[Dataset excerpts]
=== Section Start ===
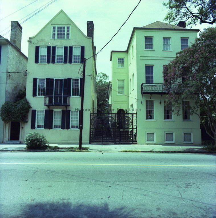 4) 25 Meeting Street and 27 Meeting Street, with ornate iron gate in between them (need to identify)
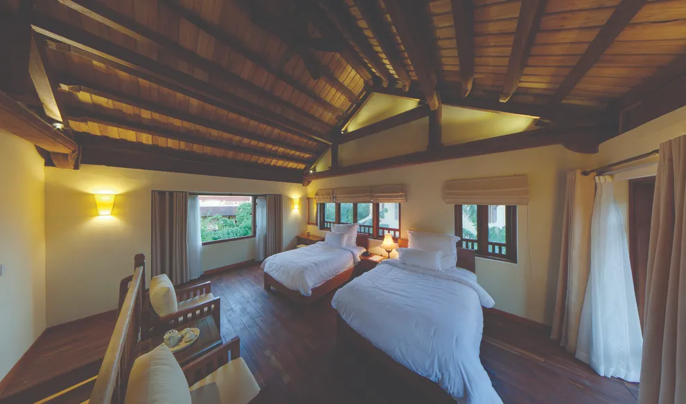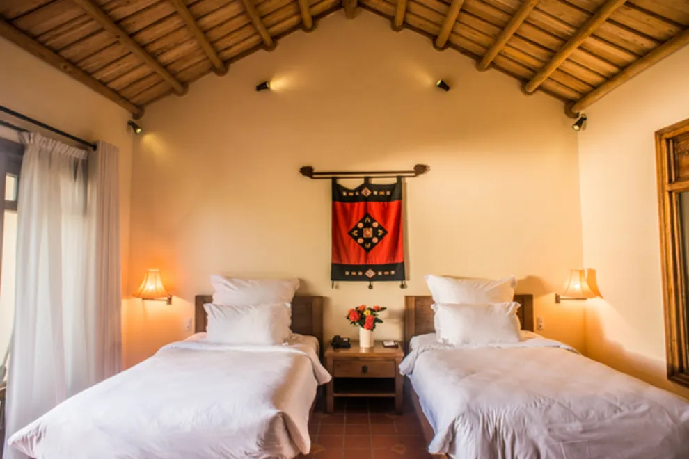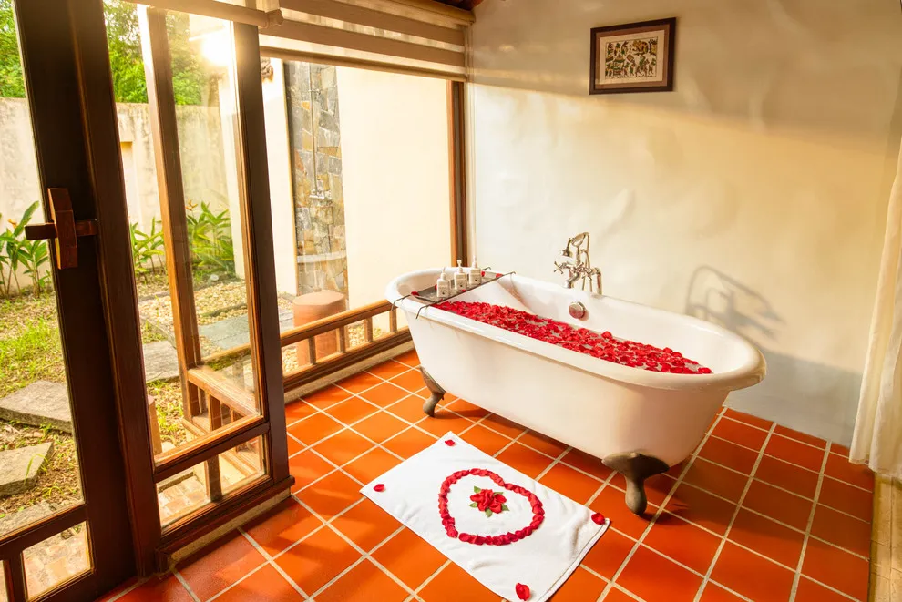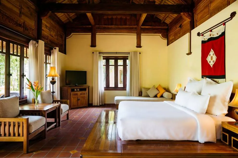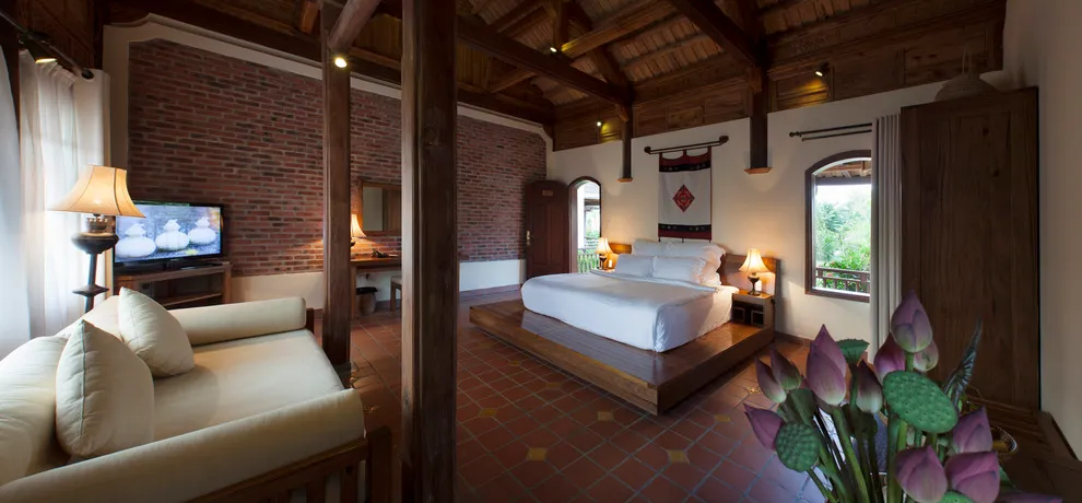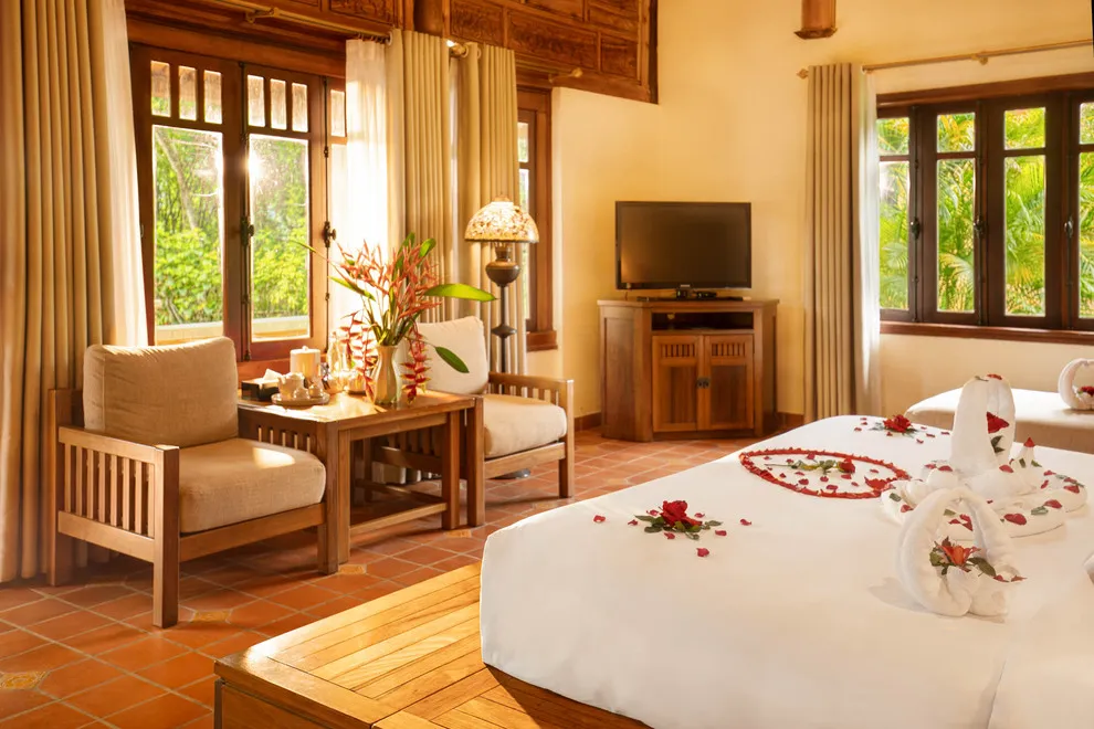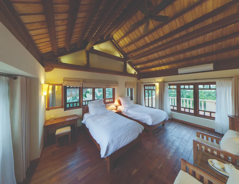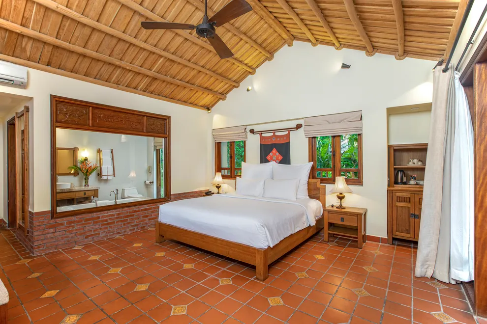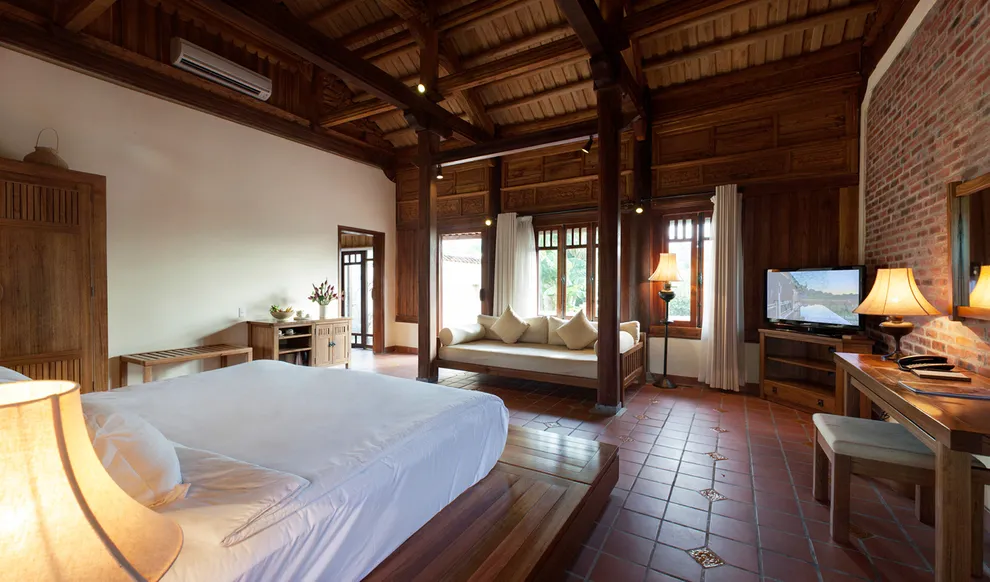 Hệ thống lưu trú tại Emeralda Vân Long được thiết kế đa dạng nhằm nâng niu cảm xúc của từng nhóm du khách. Hạng Superior mang vẻ đẹp tinh tế, tối giản với view hướng vườn xanh mướt, trong khi hạng Deluxe lại gây ấn tượng bởi không gian cổ kính và bồn tắm nằm sang trọng. Đối với các gia đình đa thế hệ hoặc nhóm bạn, hạng Duplex Family với thiết kế gác lửng hai tầng là lựa chọn tối ưu để vừa đảm bảo sự riêng tư vừa giữ được tính gắn kết. Đặc biệt, hạng Imperial mang phong thái của một “biệt phủ” thượng lưu với phòng khách riêng biệt, tái hiện chuẩn mực sống của các gia đình danh giá thời xưa.
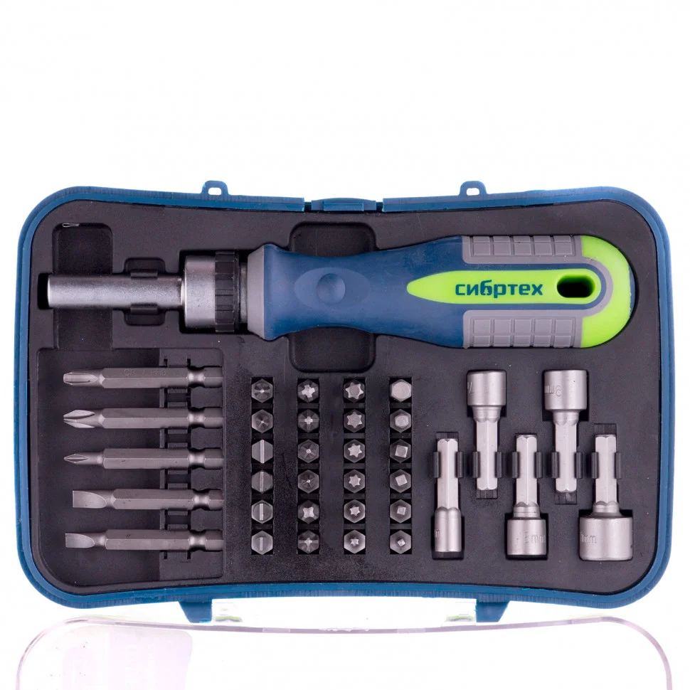Отвертка реверсивная с набором бит и торцевыми головками, 35 шт, CrV Сибртех 13337
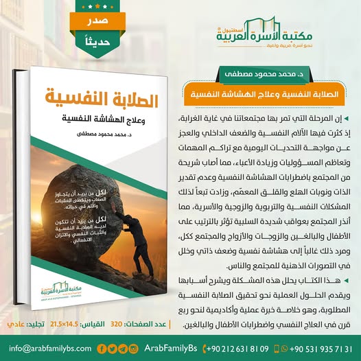 ◂ هذا الكتاب يحلل هذه المشكلة ويشرح أسبابها ويقدم الحلول العملية نحو تحقيق الصلابة النفسية المطلوبة، وهو خلاصة خبرة عملية وأكاديمية لنحو ربع قرن في العلاج النفسي واضطرابات الأطفال والبالغين.
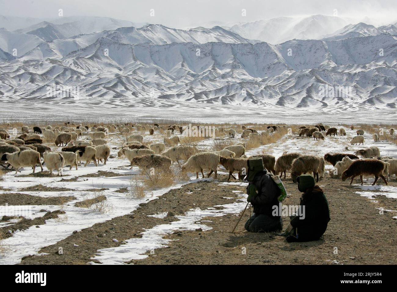 Bildnummer: 52453137 Datum: 10.03.2008 Copyright: imago/Xinhua Schafherde im Tianshan Gebirge bei Hami in der Region Xinjiang Uygur PUBLICATIONxNOTxINxCHN, Landschaft , Tiere , Personen; 2008, China, Herde, Schafherde, Schäfer, Berg, Berge, verschneit ...
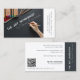 Affärskortet Art Workshop White Artist visar en konstaktivitet på ett svart yta med konstföremål. Den har en ren typografi, med ett vitt vinklat företag namn i mitten och företagstjänster på framsidan. Affären namn längst bak är på lodrät för svarta band. Affärsinformationen finns också i en vit bakgrund plus QR-koden. Hela konceptet är contemporary och lekfull gör det spännande för ett konstnärligt affärskort.
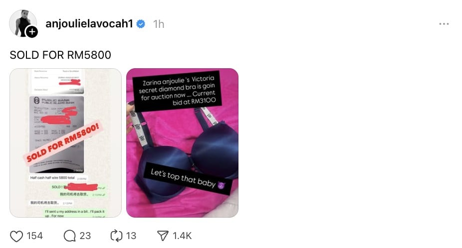 Zarina Anjoulie lelong baju dalam terpakai, individu berjaya bida RM5,800
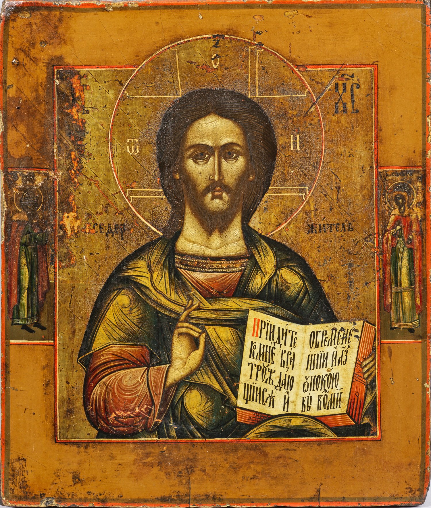 A Russian icon depicting "Christ Pantokrator". Tempera with gold on wood.
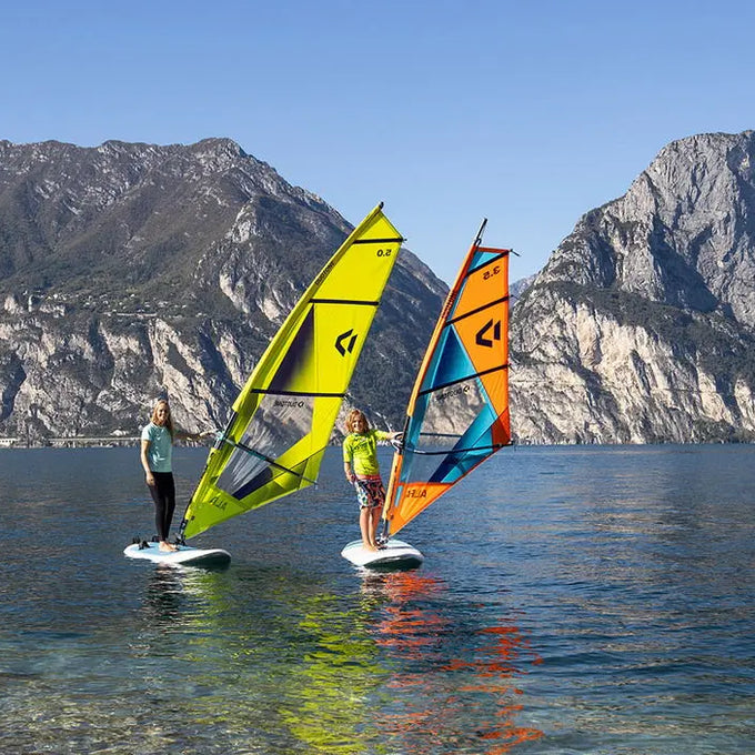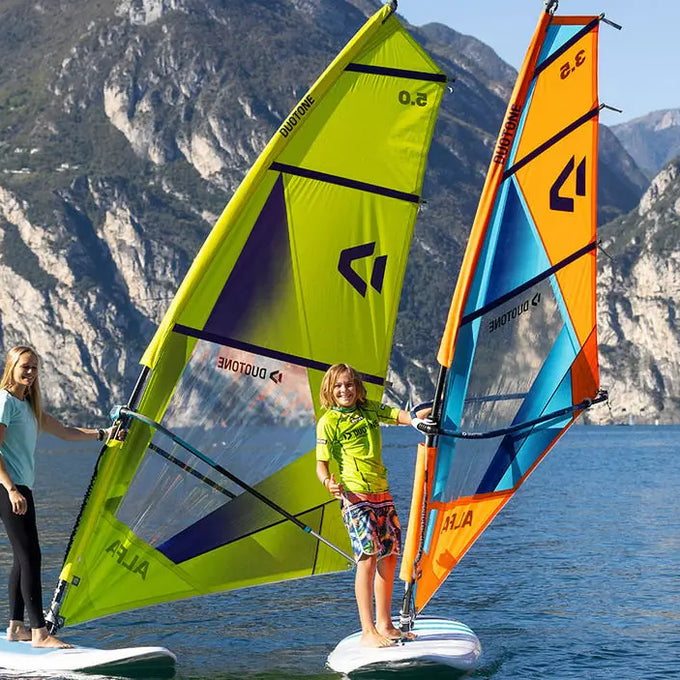 Das ALFA ist ein gutmütiger Frühgleiter, der Anfänger wie auch engagierte Aufsteiger über eine sehr lange Zeit begleitet. Es lässt sich spielerisch aus dem Wasser ziehen und auf allen Kursen wie auch bei Manövern ganz einfach steuern. Unterhalb der Gleitgrenze gibt es dem Fahrer wichtigen "Halt" und damit Stabilität, was besonders bei Kabbelwasser vorteilhaft ist. Einmal im Gleiten, bleibt das Segel sehr ausbalanciert. Der Winddruck kann dosiert in Vortrieb umgewandelt werden, damit der Fahrer immer volle Kontrolle über die gewünschte Geschwindigkeit behält. Die Verwendung von Dacron und Vinyl macht das ALFA nahezu unzerstörbar und ideal für den Schulungseinsatz. Dank der Materialflexibilität von Dacron und der einzigartigen Profilierung des ALFA lädt sich das Segel sanft und besonders voll auf. Dadurch entwickelt es kräftigen Vortrieb und besitzt sehr gute Angleiteigenschaften. Der Druckpunkt bleibt dabei bis weit in den Gleitbereich sehr stabil. Die Verwendung von Dacron und Vinyl macht das ALFA nahezu unzerstörbar und ideal für den Schulungseinsatz. Dank der Materialflexibilität von Dacron und der einzigartigen Profilierung des ALFA lädt sich das Segel sanft und besonders voll auf. Dadurch entwickelt es kräftigen Vortrieb und besitzt sehr gute Angleiteigenschaften. Der Druckpunkt bleibt dabei bis weit in den Gleitbereich sehr stabil.
=== Section End ===
Prompt:
The lines to copy exactly start with the line above that has "Affärskortet Art Workshop" and go on through the line that has "A Russian icon"; please include both, add nothing else, and omit the pictures.

Exercise output:
 Affärskortet Art Workshop White Artist visar en konstaktivitet på ett svart yta med konstföremål. Den har en ren typografi, med ett vitt vinklat företag namn i mitten och företagstjänster på framsidan. Affären namn längst bak är på lodrät för svarta band. Affärsinformationen finns också i en vit bakgrund plus QR-koden. Hela konceptet är contemporary och lekfull gör det spännande för ett konstnärligt affärskort.
 Zarina Anjoulie lelong baju dalam terpakai, individu berjaya bida RM5,800
 A Russian icon depicting "Christ Pantokrator". Tempera with gold on wood.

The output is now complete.